- Interactive map of Captain Kathy Mazza Memorial Park
- Type: Public
- Location: South Farmingdale, New York
- Coordinates: 40°43′20″N 73°26′1″W﻿ / ﻿40.72222°N 73.43361°W
- Owner: Town of Oyster Bay
- Operator: Town of Oyster Bay Department of Parks

= Captain Kathy Mazza Memorial Park =

Park and 9/11 memorial in Nassau County, New York, United States

Captain Kathy Mazza Park (also known as Town of Oyster Bay Neighborhood Park Farmingdale F-9) is a park and 9/11 memorial located within South Farmingdale, in Nassau County, New York, United States, owned and operated by the Town of Oyster Bay.

== Description ==
The park – located at Poplar and Elm avenues in South Farmingdale – contains a playground, athletic facilities, and a memorial to the victims of the September 11, 2001 terrorist attacks.
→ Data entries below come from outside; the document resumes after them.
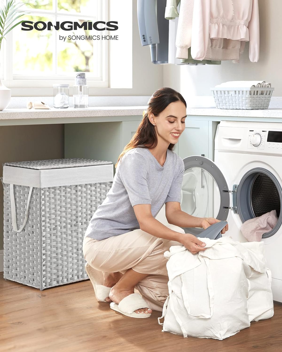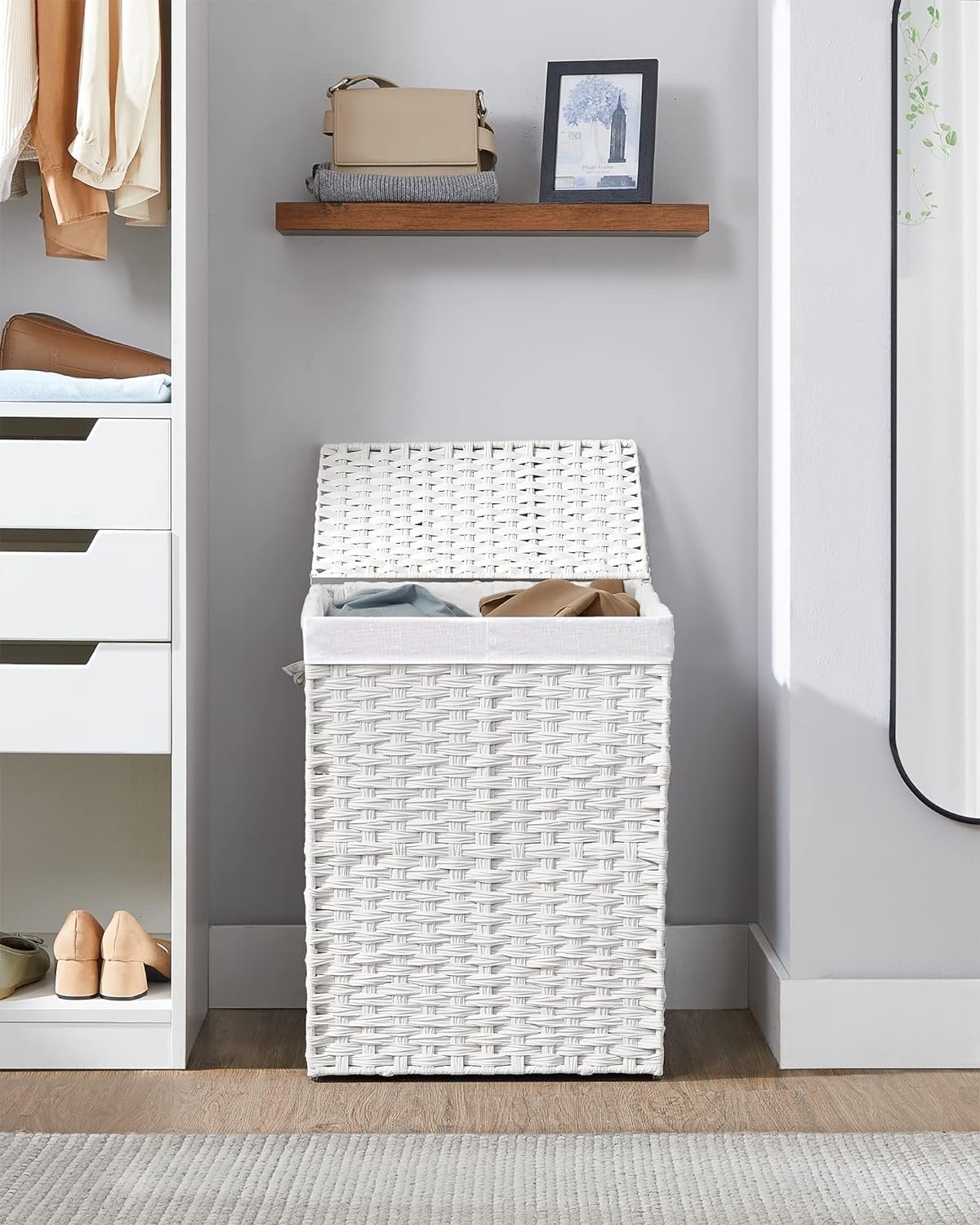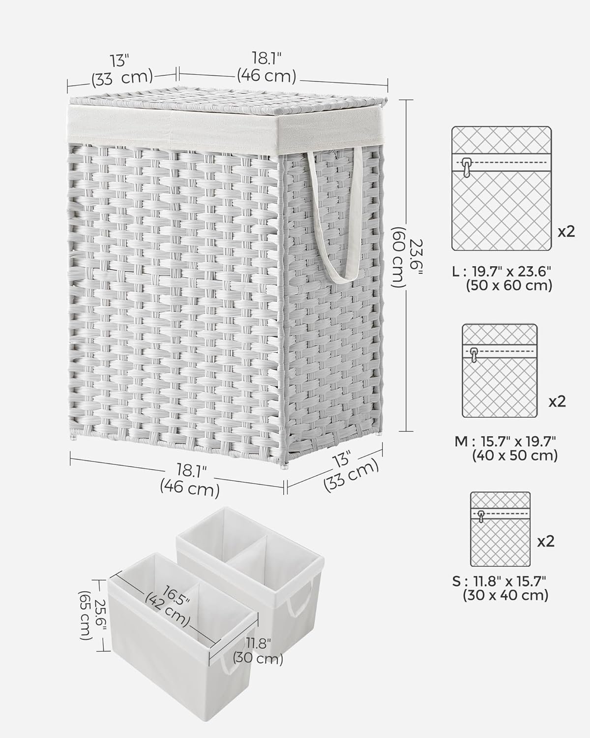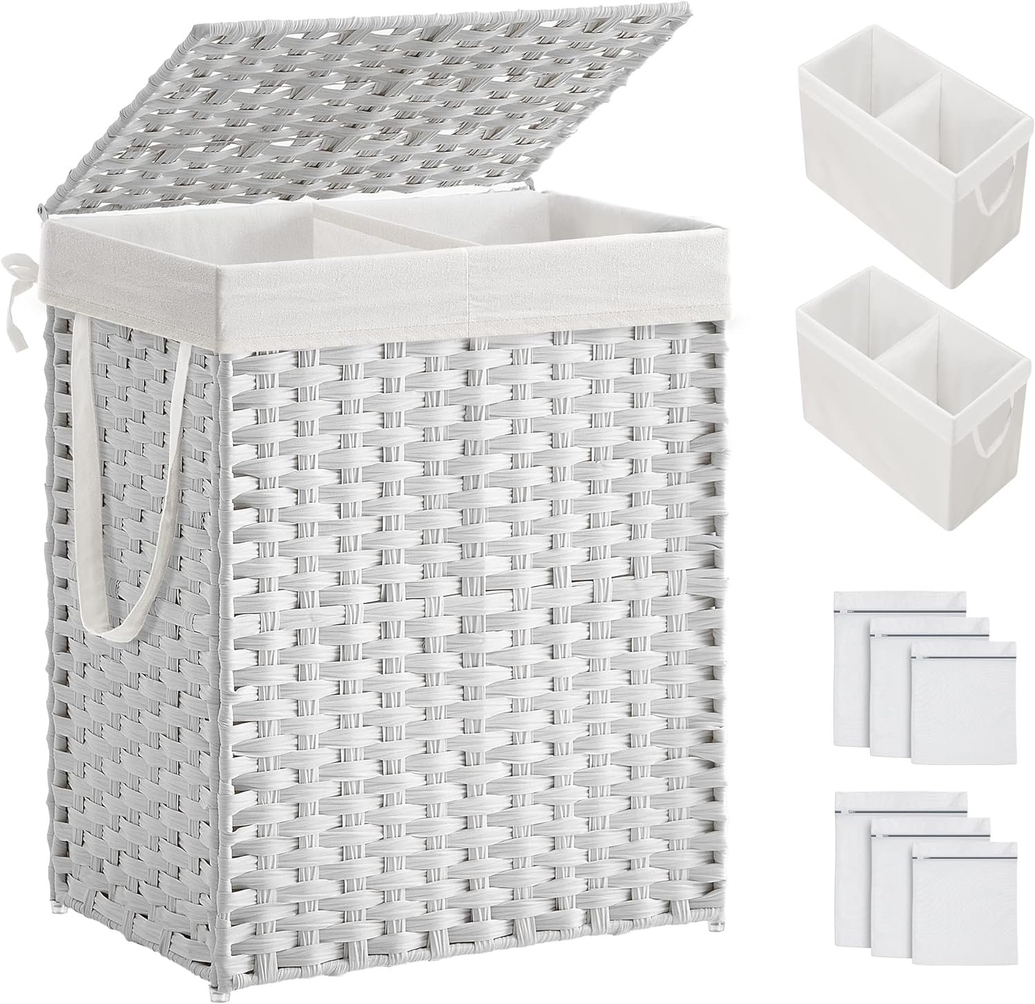 SONGMICS Laundry Hamper with Lid, 90L Clothes Hamper with 2 Removable Liner Bags, 6 Mesh Bags, Wicker Laundry Basket, Double Laundry Hamper for Bathroom, 13 x 18.1 x 23.6 Inches, White ULCB251W01V1
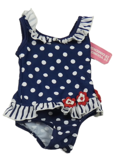 Nové - tmavomodro-biele bodkovaná é jednodielne plavky s 3D kvety a volánikmi YD
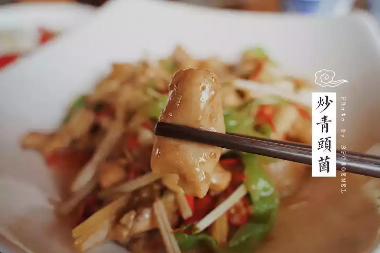 The cap is a light green, with a hint of green still visible even after being cooked. The mushroom has a plump, tender texture, and the fibers exude a refreshing mountain aroma. Adding plenty of oil and stir-frying with chili peppers and celery, the flavors of the ingredients complement each other beautifully.
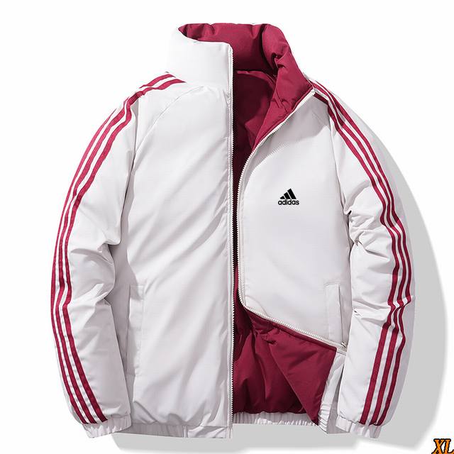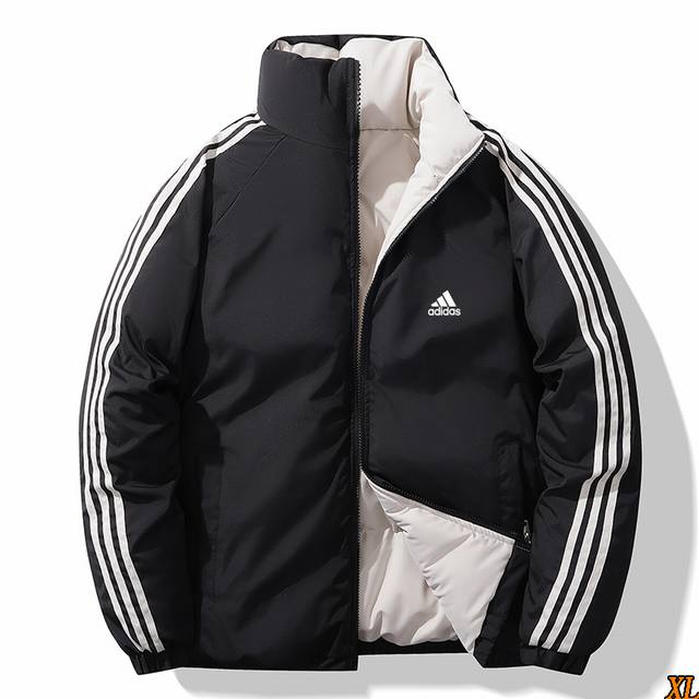Adidas Exclusive Real Shot New Winter High-Quality Three-Stripe Stand Collar Cotton-padded Jacket, Reversible High-Street Outerwear, Couple Trendy Cotton-padded Jacket, This Season's Main Feature, Ample Stock, Confident Recommendation, High-End Quality, Classic Design, Excellent Workmanship, Classic and Versatile, Excellent Wearing Effect DDD
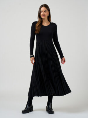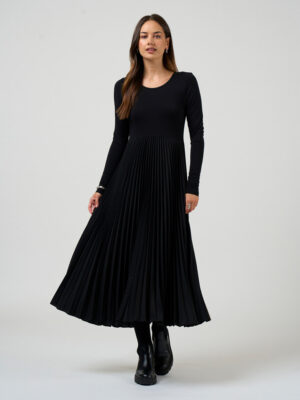Embrace winter in this divine midi length dress, featuring a permanent sunray-pleated skirt and soft slim fitting long sleeve crew neck bodice, perfect for layering.
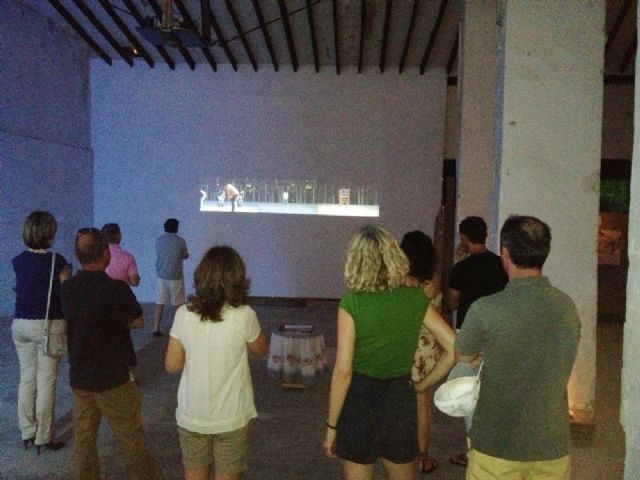 El alcalde de Blanca, Rafael Laorden, y la edil Esther Hortelano inauguraron ayer junto a Angiuli la exposición 'El dinero lo es todo' que recoge el proyecto de investigación del artista italiano sobre los trabajos en el campo relacionados con la vid.
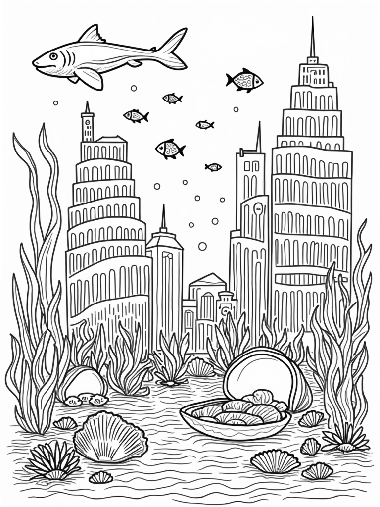 Check out this free, printable coloring page featuring an underwater city with coral skyscrapers and colorful fish. Perfect for kids who love sharks and sea life, it's a fun way to unleash creativity!

In 2003, the park was renamed and formally dedicated in honor of Captain Kathy Mazza – a Port Authority of New York and New Jersey Police Department officer who was murdered in the destruction of the North Tower of the World Trade Center on September 11, 2001, while assisting in the evacuation efforts. Mazza, who grew up in Massapequa, was a Farmingdale resident at the time of her murder – and was the department's first female officer to be murdered in the line of duty in the attacks. The dedication ceremony occurred on September 21, 2003.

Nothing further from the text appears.